The median age was 40.0 years. 25.4% of residents were under the age of 18, 6.8% were from 18 to 24, 22.9% were from 25 to 44, 23.8% were from 45 to 64, and 21.0% were 65 years of age or older. For every 100 females, there were 98.0 males, and for every 100 females age 18 and over, there were 94.0 males age 18 and over.

Of the 1,458 households, 27.8% had children under the age of 18 living in them. Of all households, 44.2% were married-couple households, 21.5% were households with a male householder and no spouse or partner present, and 29.0% were households with a female householder and no spouse or partner present. About 37.5% of households were made up of individuals and 17.3% had someone living alone who was 65 years of age or older. The average household size was 2.2 and the average family size was 3.0.

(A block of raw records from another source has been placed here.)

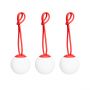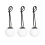 Mini bolleke set de Fatboy. Fatboy présente le Bolleke Mini Set : trois petites lampes LED sans fil emblématiques dans un seul ensemble. Elles sont petites en taille, mais grandes pour créer une ambiance parfaite. À l’intérieur comme à l’extérieur, suspendez-les où vous voulez grâce à leur boucle en silicone pratique. Grâce à leur design sans fil, fini les tracas avec les câbles. Avec trois modes d’éclairage et une autonomie pouvant aller jusqu’à 24 heures, vous créez facilement l’ambiance idéale pour toute occasion. Elles se rechargent facilement avec un seul câble USB permettant de connecter les trois lampes en même temps. Parfaites pour des soirées prolongées, des dîners romantiques ou même comme veilleuse.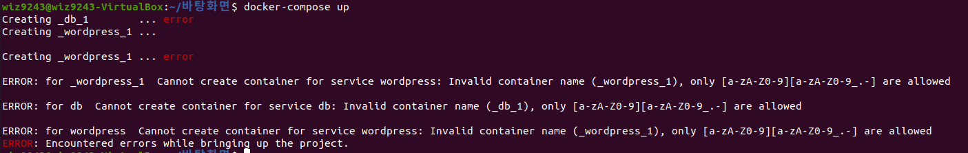 docker-compose는 현재 디렉토리를 컨테이너 이름으로 사용하는데 한글 디렉토리가 문제가 있어 보입니다.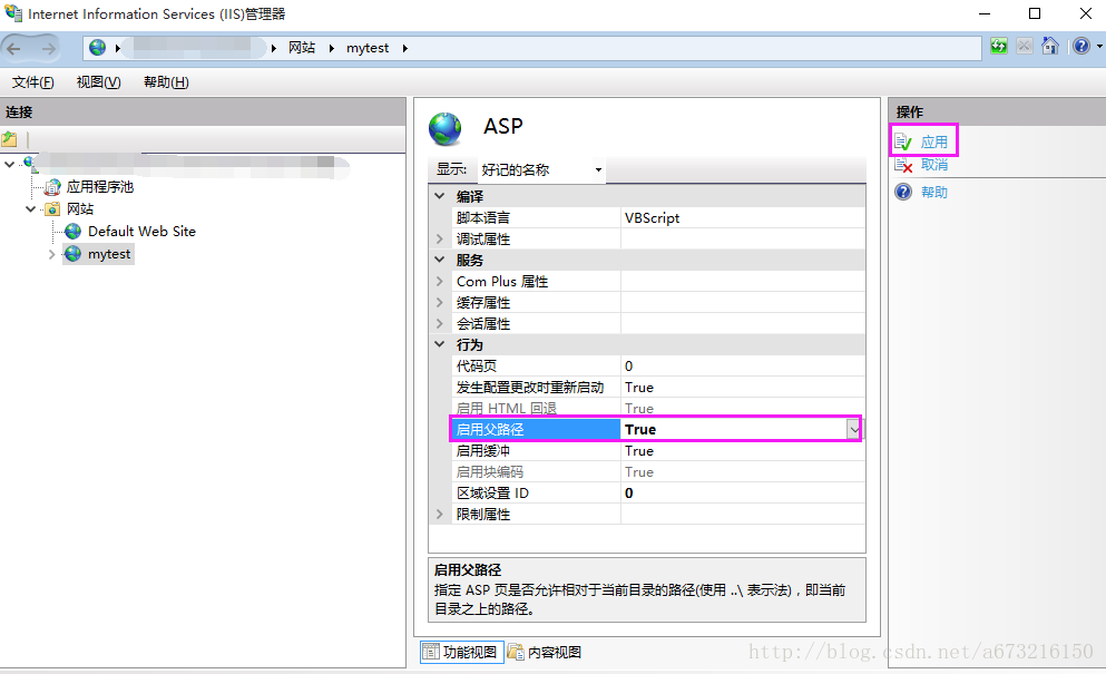 9、IIS中默認(rèn)未啟用父路徑,啟用父路徑才可以在ASP程序中使用相對(duì)路徑。選中“mytest主頁”下方的“ASP”,右擊“打開功能”,將“啟用父路徑”設(shè)置為True,點(diǎn)擊右側(cè)的“應(yīng)用”即可。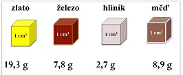 PRVNÍ má objem 1 cm³ a hmotnost 7 g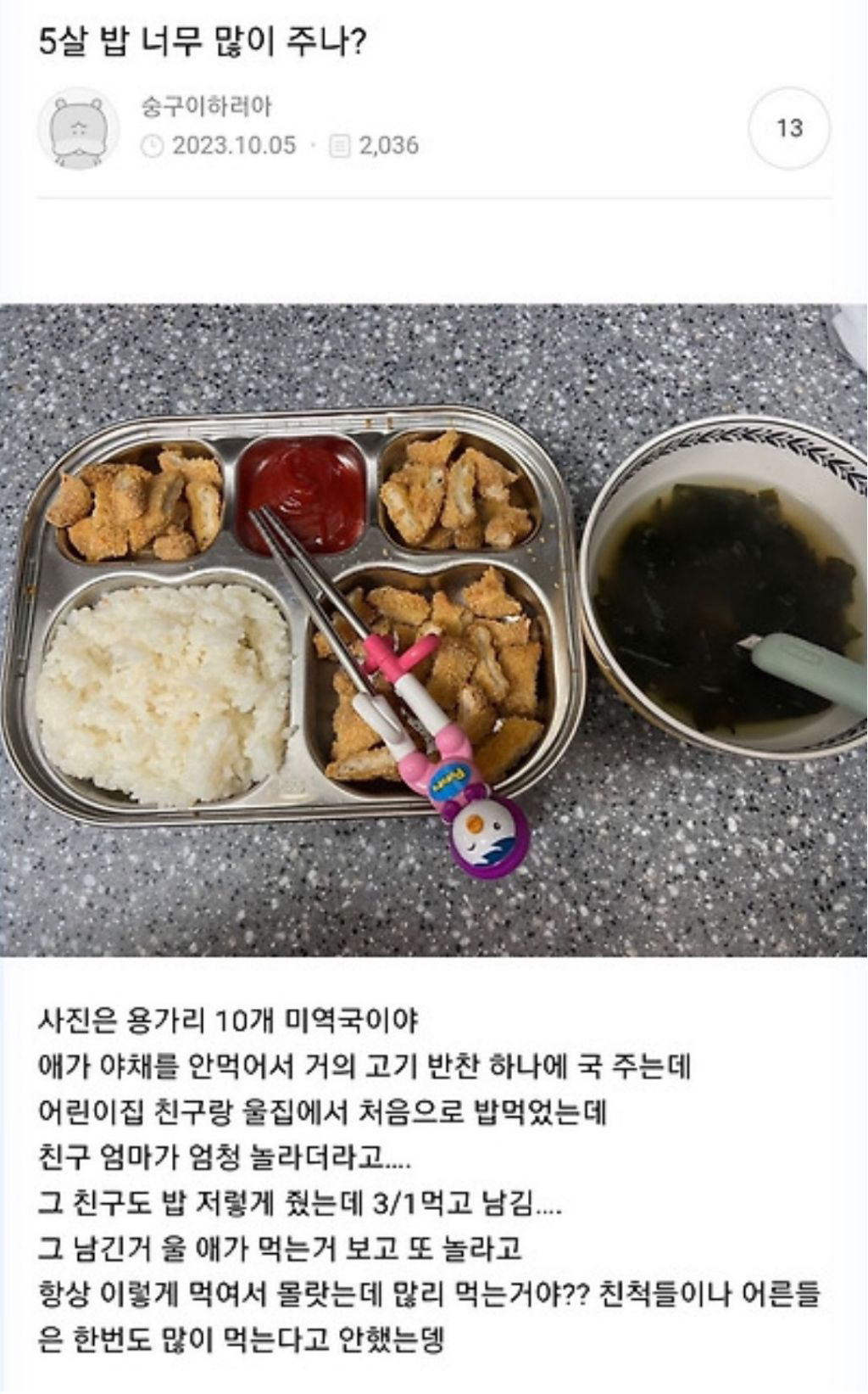 작성자Rock will never die 작성시간 25.11.17 집에서 저렇게 먹이는 것 처럼 밖에서도 밥 가지고 뭐라 하지만 않으면 상관없다고 생각.

There were 1,682 housing units, of which 13.3% were vacant. The homeowner vacancy rate was 4.7% and the rental vacancy rate was 13.9%. 0.0% of residents lived in urban areas, while 100.0% lived in rural areas.

Racial composition as of the 2020 census
| Race | Number | Percent |
|---|---|---|
| White | 3,144 | 91.2% |
| Black or African American | 27 | 0.8% |
| American Indian and Alaska Native | 8 | 0.2% |
| Asian | 31 | 0.9% |
| Native Hawaiian and Other Pacific Islander | 2 | 0.1% |
| Some other race | 22 | 0.6% |
| Two or more races | 213 | 6.2% |
| Hispanic or Latino (of any race) | 136 | 3.9% |

Non-Hispanic White residents were 90.14% of the population.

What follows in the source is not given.